In the end, Israel under the Old Covenant failed not only to follow God for themselves, but also failed to dispense the blessings of God to all nations. Under the New Covenant, Jesus gave His disciples the “Great Commission” (Matthew 28:19, 20), which was essentially to fulfill the Abrahamic covenant, which the children of the flesh had refused to fulfill.
People have tried to distinguish between Israel and the church because they think that Israel was limited to a particular genealogy, not realizing that most Israelites were not even physical descendants of Abraham, Isaac, or Jacob. They were a nation, not a single genealogy. In fact, the goal was for all men to become children of Abraham by faith. The divine plan is not complete until all of humanity become Israelites.
In Jesus’ day, the church was begun mostly by people from Judea and Galilee and a few Greeks. Because of the great rebellion of Judah against its rightful King, the bulk of that nation was “cut off” as the law commanded (Leviticus 17:4). Those who supported Jesus as the Heir became the remnant of Judah (as recognized by God), and hence, what men now call “the church” was actually the tribe or nation of Judah. To these were added many from other nations as they came to believe in Jesus Christ and to support His claim to the throne of Judah and of the world.
Unfortunately, even the church degenerated over time, and so there came to be a distinction between the church as a whole and the remnant of grace within it. Like Ishmael and the Jews before them, the church too persecuted the remnant of grace. The Inquisitions prove that the church in Rome was another fleshly religion manifesting the spirit of Hagar and Ishmael, rather than that of Sarah and Isaac.

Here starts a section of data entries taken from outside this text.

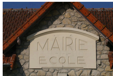
Vue de l'enseigne. IVR22_20030203145NUCA
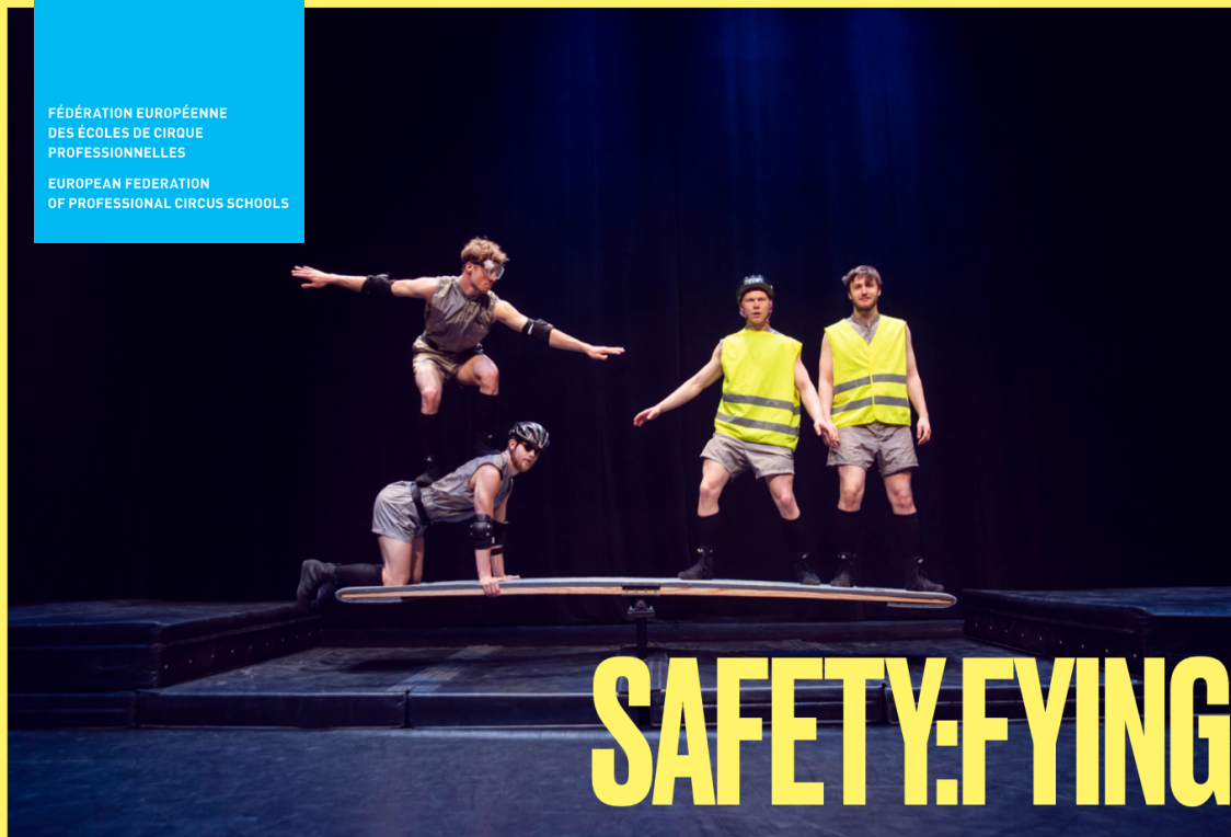
Artists : 4 on board (graduates SKH-Circus BA 2020) Act : Safety first

IN PARTNERSHIP WITH STOCKHOLM UNIVERSITY OF THE ARTS - SKH
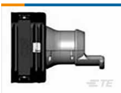
TE Teilenummer ZPF00000000105765 787-8055-12M
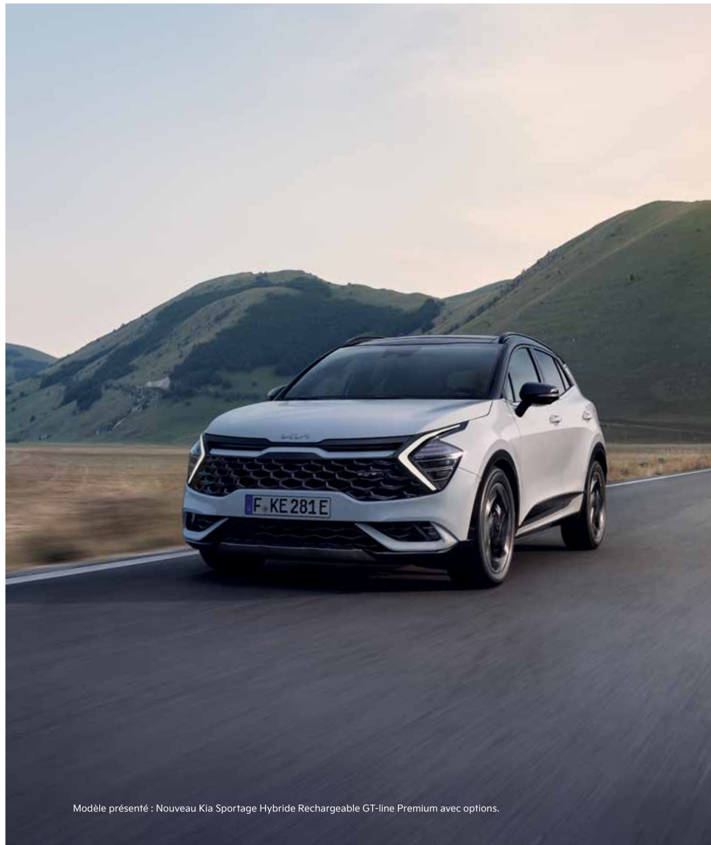
Modèle présenté : Nouveau Kia Sportage Hybride Rechargeable GT-line Premium avec options.

Conçues spécialement pour les versions GT-line Premium essence, Diesel et Hybride Rechargeable, les jantes en alliage avec inserts noir laqué confèrent au véhicule un caractère encore plus sportif.
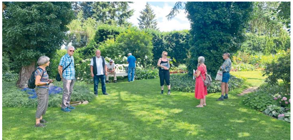
Die GFK-Mitglieder bei der Führung durch die Anlage.
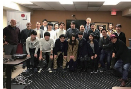
図6 シリコンバレーブートキャンプ

In the end of the age, then, the true bride that emerges in Revelation 19:7 is not the entire church, but is the remnant of grace that has emerged from its time of persecution at the hands of the children of the flesh. This “Sarah” bride is the New Covenant and the New Jerusalem (Galatians 4:24, 25), whose “children” are those begotten by the Spirit. The bride is certainly “Israel,” but we cannot limit this term to those who are Israelites on account of fleshly birth.
For this reason, as we have already seen, the overcomers (i.e., the remnant of grace) are described in Revelation 5:9, 10 as people “from every tribe and tongue and people and nation.” They are all Israelites who have followed the footsteps of Jacob in his quest to become an Israelite. They have walked by faith and have finally wrestled with God to come face to face with a new revelation of the sovereignty of God.